Longstreet, James Peter
Entering service as a brigadier general, he distinguished himself as a superb military tactician in several major battles, including First Manassas (July 21, 1861), after which he was promoted to major general.
Soldier. Longstreet was born on January 8, 1821, in Edgefield District, the son of James Longstreet and Mary Anne Dent. He spent his formative years in Georgia and Alabama. He entered the U.S. Military Academy at West Point in 1838 and graduated in 1842 near the bottom of his class. His service record after graduation, especially during the Mexican War, was highly commendable, and by 1858 he had achieved the rank of major. On March 8, 1848, he married Maria Garland of Virginia. The marriage produced ten children. Following Maria’s death in 1889, Longstreet married Helen Dortch on September 8, 1897.
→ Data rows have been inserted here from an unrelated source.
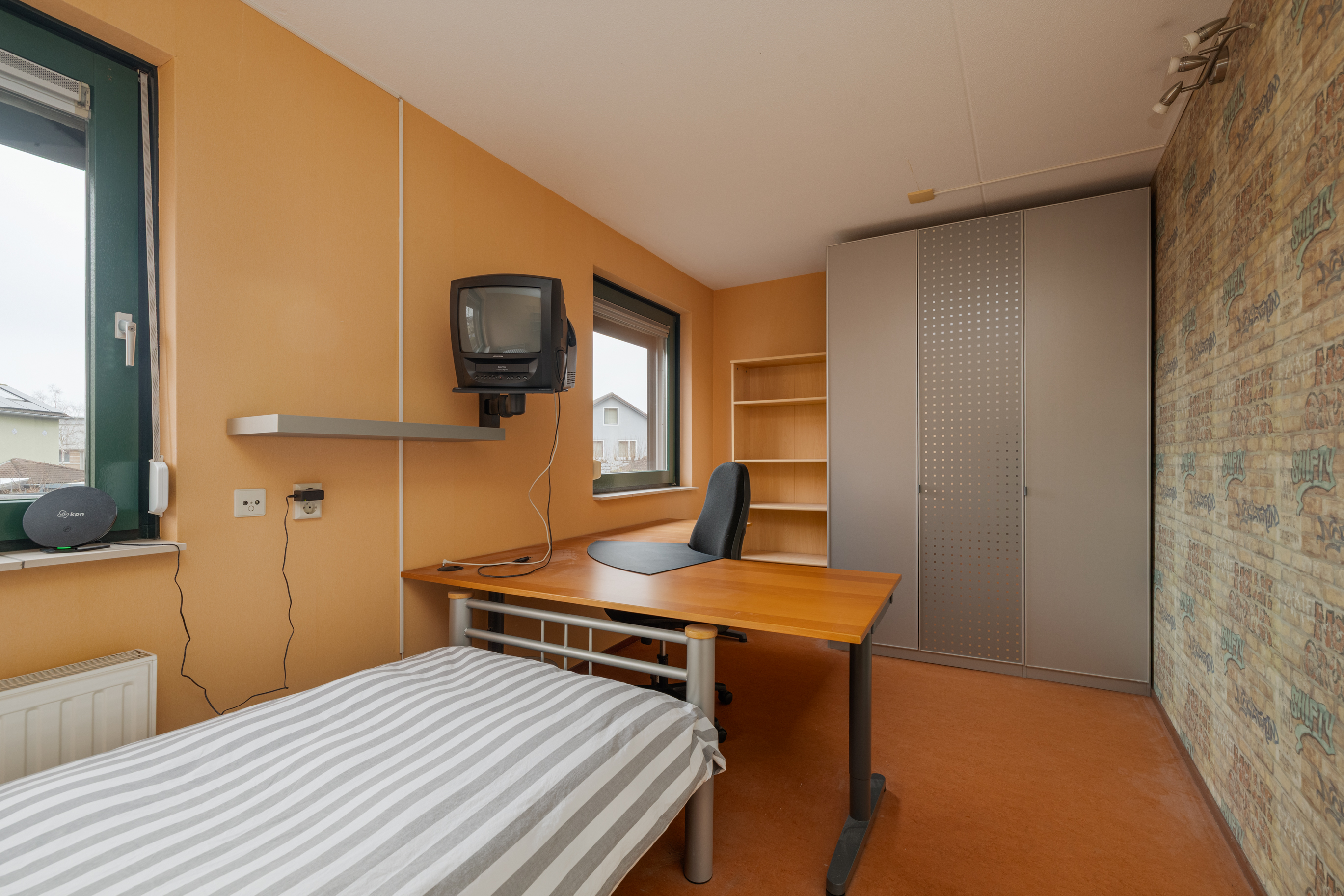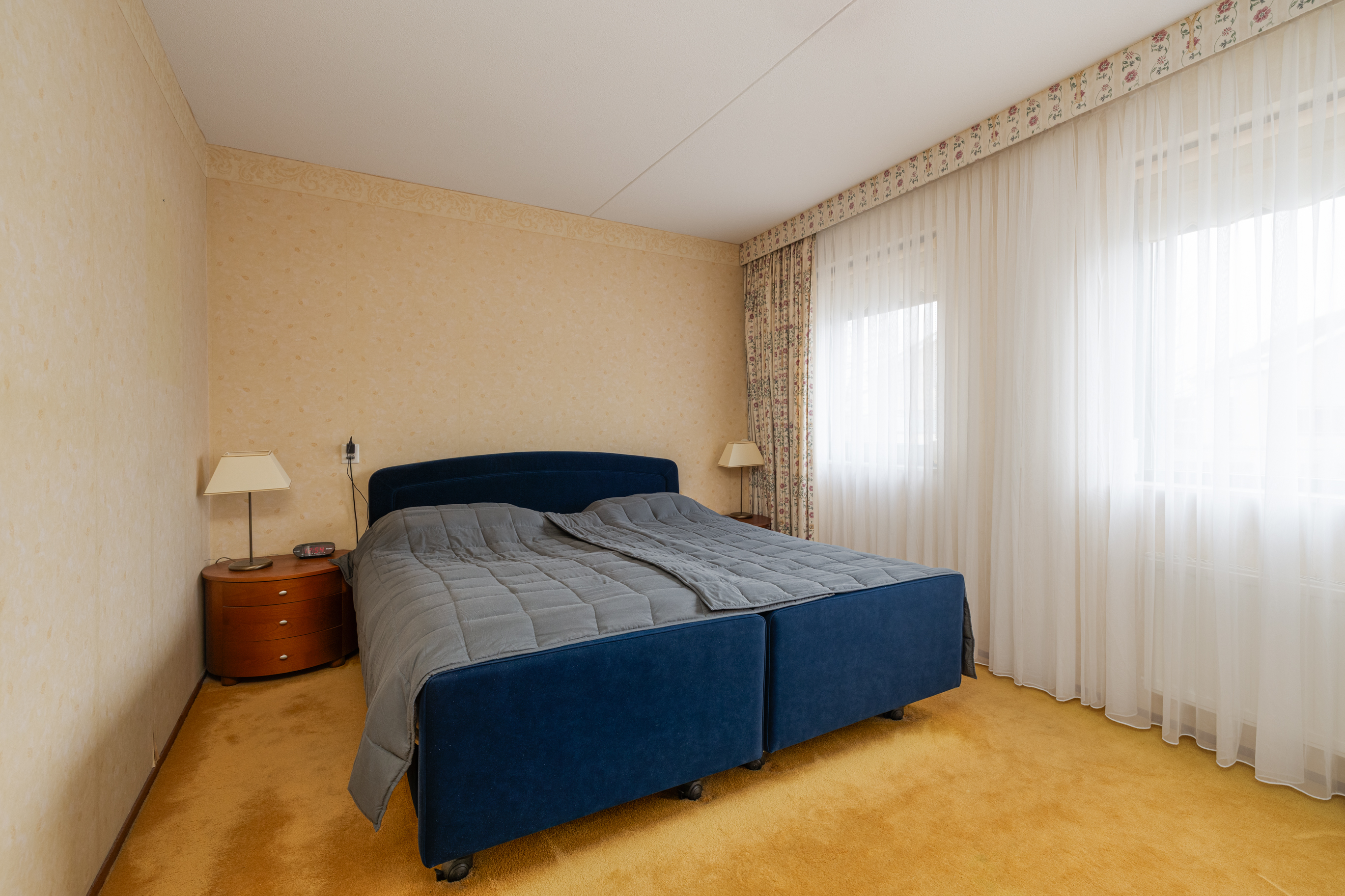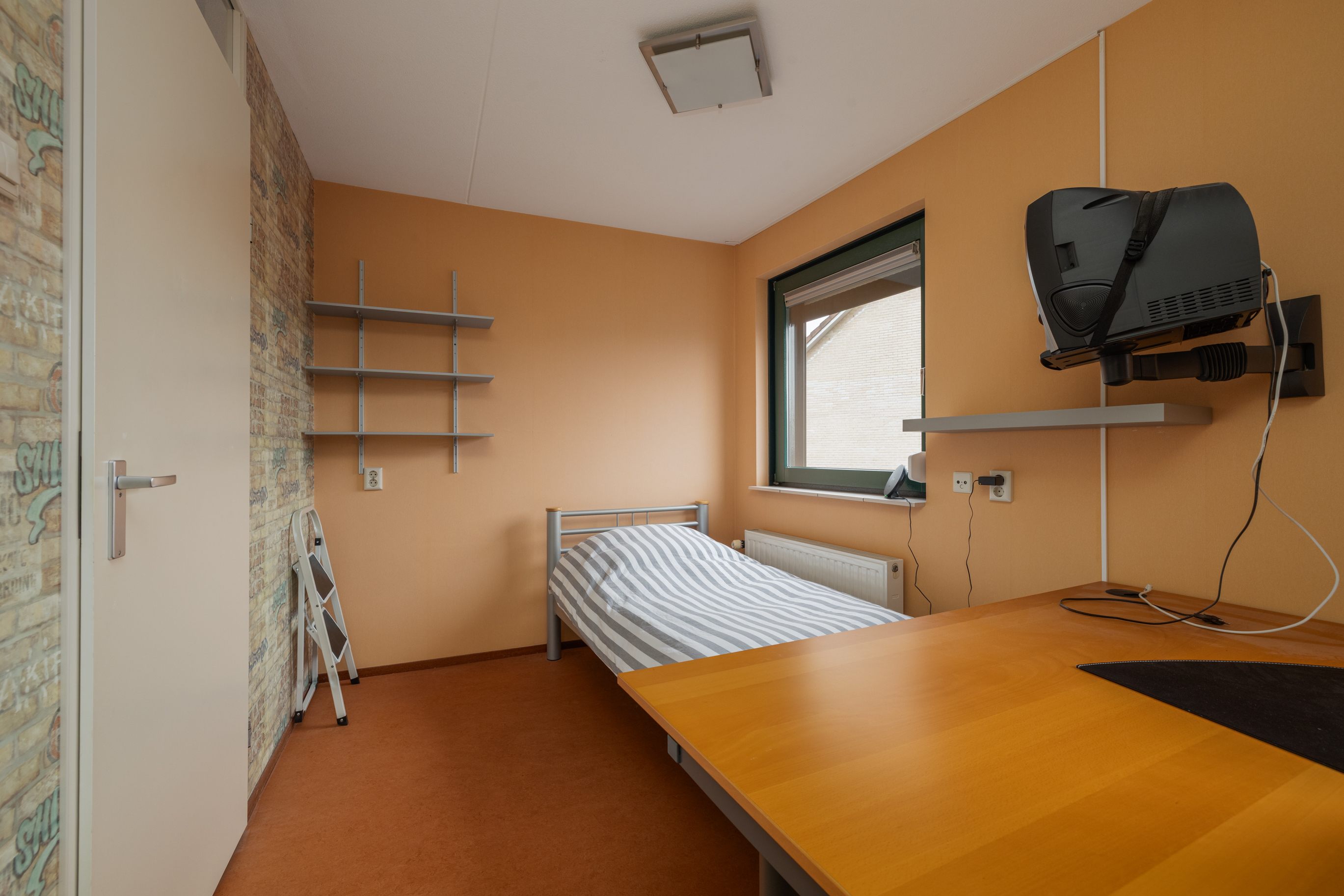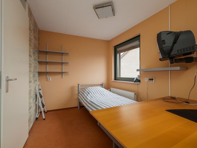 De tweede slaapkamer, gelegen aan de achterzijde van de woning, heeft een oppervlakte van ca. 12m², beschikt over twee raampartijen en is perfect geschikt als kinder-, logeer- of studeerkamer.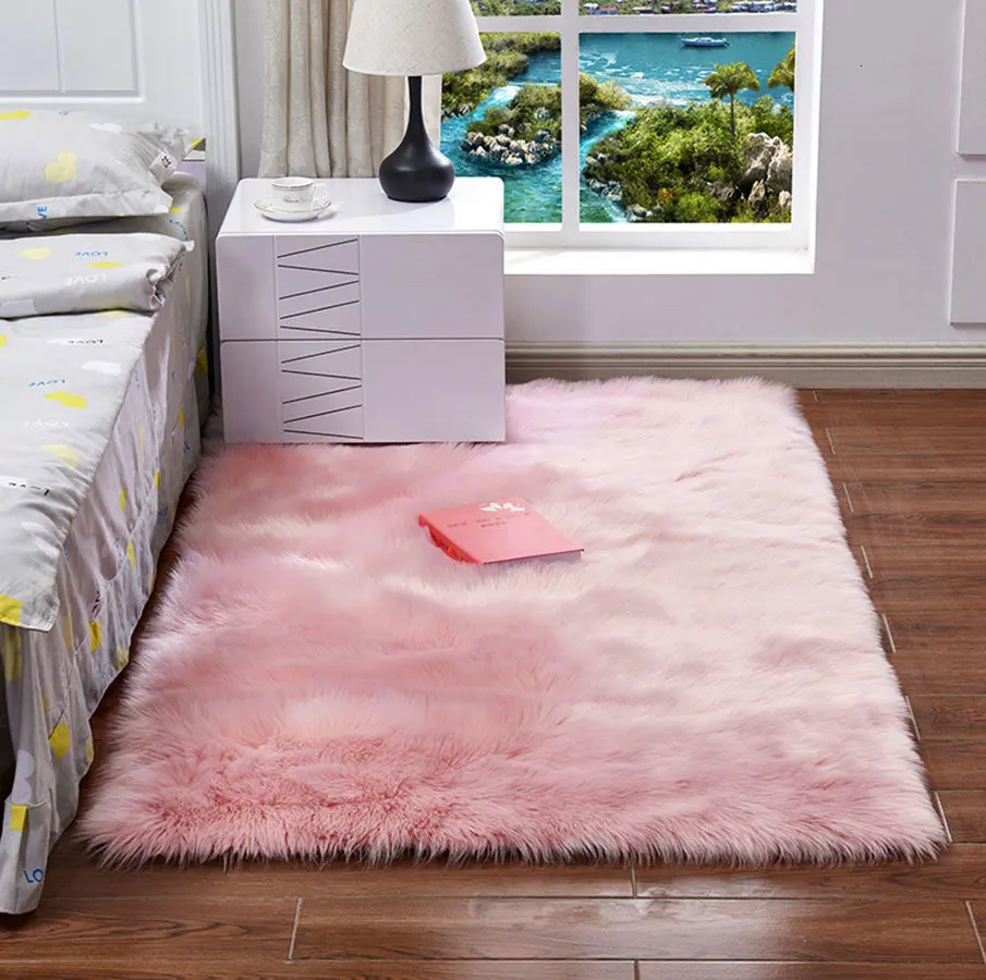 Коврик из искусственного меха используется как для подушки сиденья стула, так и для декора гостиной спальни.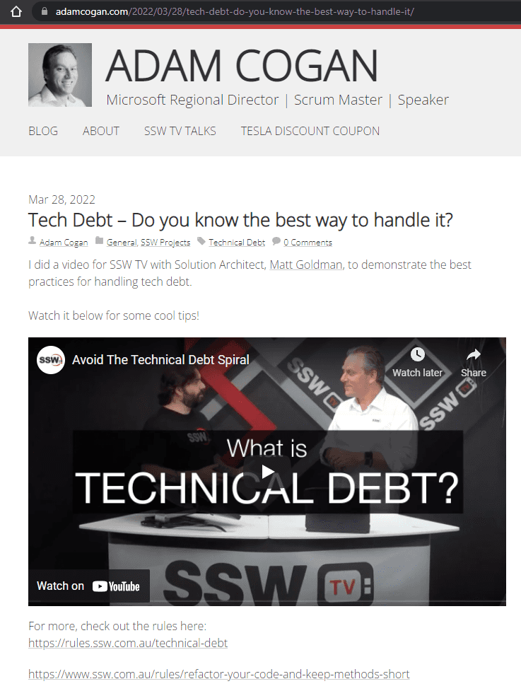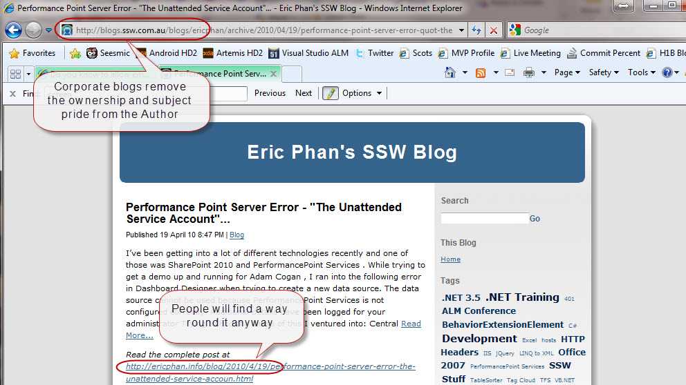 Tip: Get your employees to add an “SSW” category to their blog so you can aggregate their posts onto the corporate site.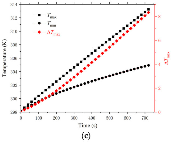 Characterization of temperature for Case 4: (a) Average surface temperature evolution of 16 individual batteries, (b) Surface maximum temperature difference of 16 single batteries, and (c) Temperature characterization of battery module.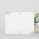 Papel rodante en blanco para imprimir tu propio programa de boda u otros artículos. El papel blanco sencillo tiene adornos frondosos de color dorado en las esquinas. El reverso es de color dorado oscuro y sólido.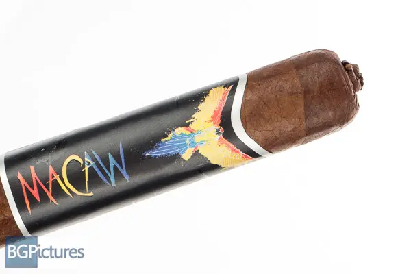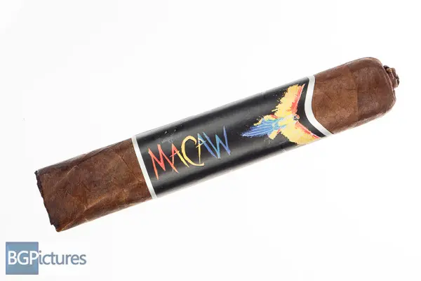 Blackbird Limited Edition Macaw Cigar Review – This 5 1/8×58 box pressed stick features a dark chocolate mottled wrapper with a firm pack, buttery soft oily feel and a double pigtailed cap with a slight musty cocoa aroma. First light reveals a flawless draw with plumes of thick rich medium-full bodied smoke with a building deep dark earth, heavy but not textured pepper and building vanilla spice on the long finish. The first third burns very slowly with perfect construction, down a tick to medium body with notes completely shifting to a slightly sweet cocoa and robust rich leather that carries through the finish with just a hint of pepper and spice on the tongue. The 1/2 way point comes just under an hour in with still perfect construction and the same rich flavors. Ending at 1:45 the last third mellowed a bit dropping the pepper and spice with the leather fading a bit to a deep earth, keeping the slightly sweet cocoa.

In June 1861 Longstreet resigned his U.S. Army commission and joined the Confederate army. Entering service as a brigadier general, he distinguished himself as a superb military tactician in several major battles, including First Manassas (July 21, 1861), after which he was promoted to major general. His service in the Army of Northern Virginia included participation in the Peninsular campaign of 1862 and Second Manassas (August 29–30, 1862), where his tactical skill played a key role in the Confederate victory. When Robert E. Lee took charge of the army in June 1862, he made Longstreet his second in command. He became Lee’s closest confidant and military adviser, and was made a lieutenant general in October 1862. Longstreet’s command fought with distinction at the battles at Sharpsburg (September 17, 1862) and Fredericksburg (December 11–15, 1862). Longstreet’s opposition to Pickett’s Charge and accusations of foot-dragging on the second and third days of the Battle of Gettysburg (July 1–3, 1863) garnered criticism, largely unjustified, from many postwar historians. Detached for service in the west after Gettysburg, he scored an impressive tactical victory at Chickamauga (September 18–20, 1863), but his 1863–1864 siege of Knoxville, Tennessee, was unsuccessful, and he subsequently rejoined the Army of Northern Virginia. He served brilliantly at the Battle of the Wilderness (May 5–6, 1864), where he sustained a serious wound from friendly fire. He rejoined the army later that year and served until Lee’s surrender at Appomattox Courthouse in April 1865.
After the war Longstreet settled in New Orleans and alienated many postwar southerners by joining the Republican Party. After Lee’s death in 1870, some of his former subordinates launched a concerted effort to deify their former commander, blaming Longstreet in speeches and writings for the Confederate failure at Gettysburg. He defended his actions in his memoirs, From Manassas to Appomattox (1896), which criticized the actions at Gettysburg of Lee and the flamboyant cavalry leader J. E. B. Stuart. Longstreet’s political decisions, coupled with his criticism of Lee, effectively eclipsed his standing among surviving Civil War icons. However, this social ostracism did not preclude a life of public service for Longstreet, and he obtained a series of federal posts in the United States and abroad. In 1886 he arrived, uninvited, on horseback and in his Confederate uniform at a meeting of Civil War veterans in Atlanta, where he was embraced by former Confederate president Jefferson Davis. But the gesture did little to rescue his reputation among his fellow southerners. He died on January 2, 1904, in Gainesville, Georgia, where he was buried.
Piston, William Garrett. Lee’s Tarnished Lieutenant: James Longstreet and His Place in Southern History. Athens: University of Georgia Press, 1987.
Tucker, Glenn. Lee and Longstreet at Gettysburg. Indianapolis: Bobbs-Merrill, 1968.
Wert, Jeffrey D. General James Longstreet: The Confederacy’s Most Controversial Soldier. New York: Simon & Schuster, 1993.